Proof that subset is open in $\Bbb R^2$ with coefficients in $\Bbb R^3$

Question

Let $A$ be an open subset of $\mathbb{R}^3$. Let $B$ be a subset of $\mathbb{R}^2$ defined by the points $(x,y)$ for which $(x,y,x+y)\in A$. I am struggling a bit how to show that $B$ is open in $\mathbb{R}^2$. I know that if $B$ is open in $A$ iff $B$ is open in $\mathbb{R}^3$ if they were the same dimension but now I am struggling how to combine the 2D situation and the 3D. My main problem visualising is that I see that $x$ and $y$ come from an open set but how do I know $x+y$ does not pass the boundary of that set?
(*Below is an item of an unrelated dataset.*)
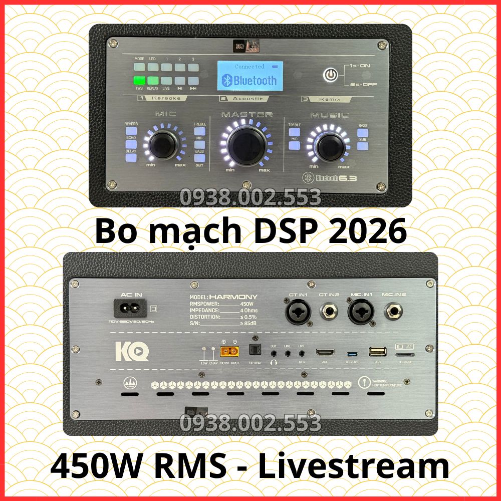Bo Mạch công suất 450W RMS - 3 Loa treble - 3 loa Mid - 1 Loa Sub hứa hên sẽ đem đến trải nghiệm mới lạ cho khách hàng đam mê dòng loa Loa Karaoke Xách Tay 𝐊𝐐 𝐇𝐚𝐫𝐦𝐨𝐧𝐲 của thương hiệu KCBox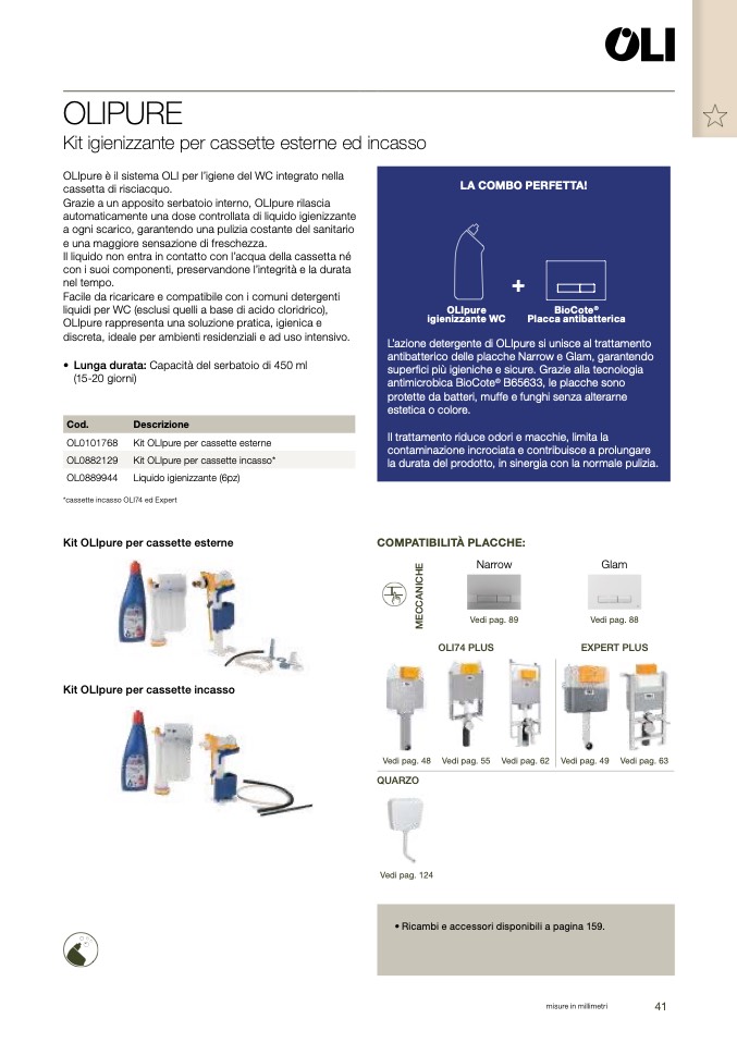 Kit OLIpure per cassette incasso*

And still I don't see how to combine the dimensions.

Answer 1

I think you meant to say $B=\{(x,y): (x,y,x+y) \in A\}$.

$f(x,y)=(x,y,x+y)$ defines a continuous function from $\mathbb R^{2}$ to $\mathbb R^{3}$ and so the inverse image of $A$ under this function is open.

Answer 2

So $A \subseteq \Bbb R^3$ is given.

You define $B = \{(x,y) \in \Bbb R^2: (x,y,x+y) \in A\}= f^{-1}[A]$ where

$$f: \Bbb R^2 \to \Bbb R^3, f(x,y):= (x,y, x+y)$$ It's quite easy to see that $f$ is continuous (it's even a linear map) and so $A$ open implies that $B$ is open by continuity. But taking $A = f[\Bbb R^2]$ we have that $A$ need not be open even when $B$ is.